While the primary goal of these programs — to turn casual shoppers using the store as a showroom before purchasing online into buyers — is an admirable one, retail experts think there are a number of risks involved.
First and foremost, as I pointed in my post about the Best Buy policy, there’s a lot of wiggle room and there’s thus a risk that it might not be applied consistently or evenly across locations (or even employees within a location). This could lead to a healthy dose of confusion and anger amongst shoppers.
On top of that, there’s a risk that customers will jam the checkout lines while trying to save a nickel here and a dime there on a cartful of products. The end result here could be more anger and a tendency to drive customers online to avoid the hassle.
Also: Do Best Buy, Target, and others really want to encourage customers to start checking prices online? According to a survey by William Blair & Co., Target’s prices average 14% higher than Amazon’s whereas Best Buy’s prices were 16% higher.
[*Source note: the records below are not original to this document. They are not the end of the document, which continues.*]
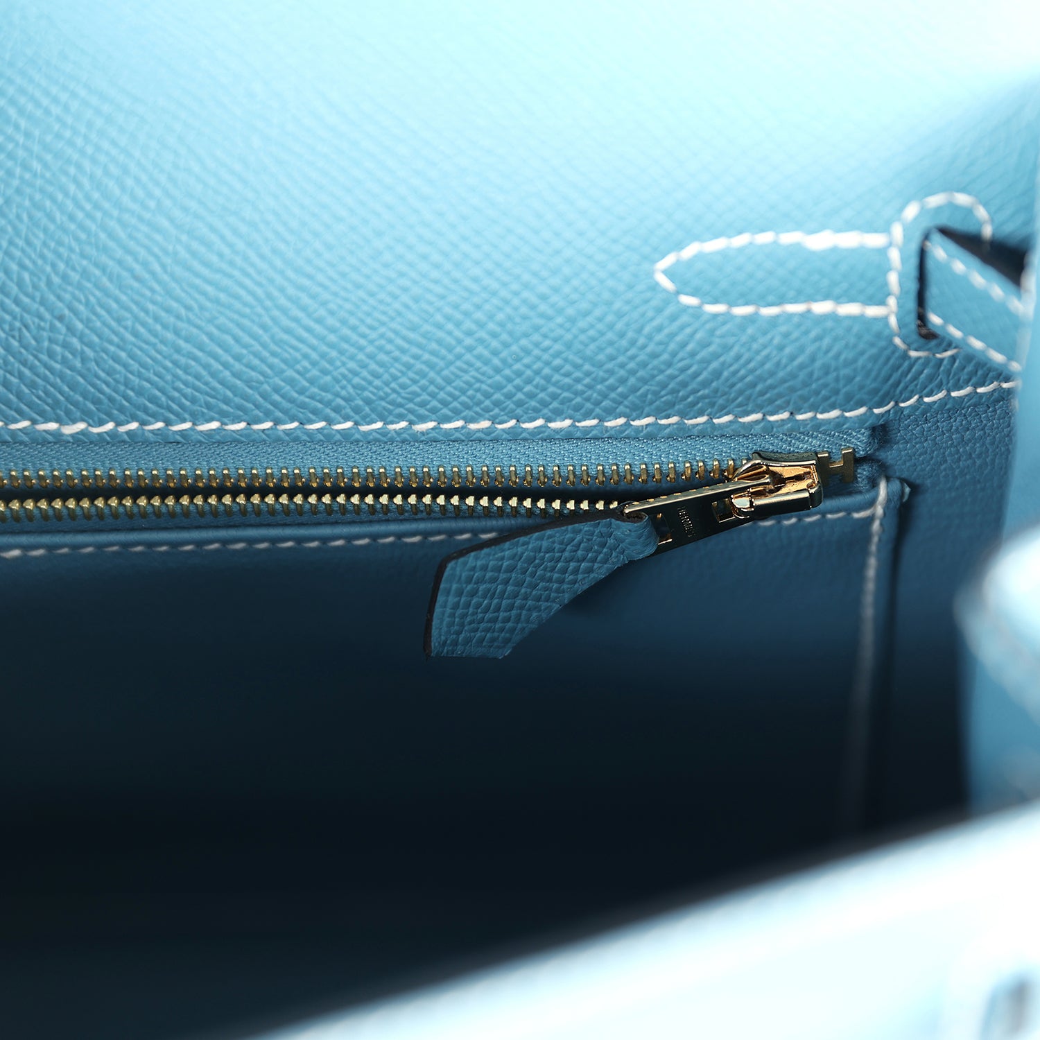 The interior is lined withNew Blue Jeanchevre leather and has one zip pocket with an Hermès engraved pull and one open pocket on the opposite side.
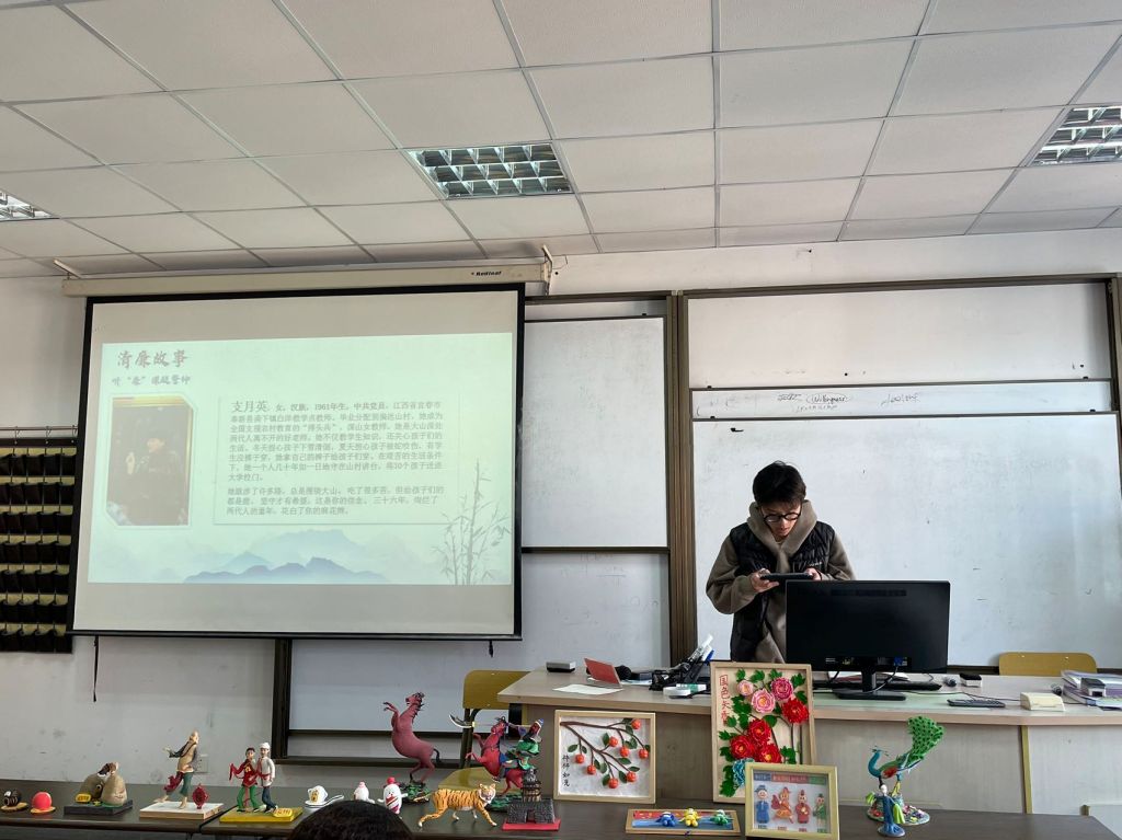 廉洁面塑青年做。镇海区面塑非遗传承人黄铁军现场介绍了面塑艺术的相关知识。在体验环节中,中外学生在老师的指导下在手中几经捏、搓、揉、掀,再用竹刀点、切、刻、划,合作进行面塑制作。国际学生代表在本科生党支部同学的帮助下,在面塑作品中用汉字书写本次主题——“清风常伴,清廉校园”。
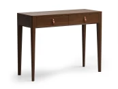 Универсальный консольный стол, который уверенно выполнит функцию косметического столика. Компактные габариты позволяют использовать стол в узком холле или небольшой комнате, а утонченный образ модели поддержан оригинальной фрезеровкой ножек и ручками из натуральной кожи, выполненными вручную мастерами The IDEA.

Encouraging customers to discover these differences might hurt in the long run, particularly if the price matching programs are short-lived or seasonal.
And finally… If the programs are too successful, profit margins could suffer.
It’s a fine line, but it seems like brick & mortar retailers have to do something to combat the loss of customers.
What do you think? Will these sorts of policy changes have a net positive effect on big box retailers? Or will the negatives outweigh the positives?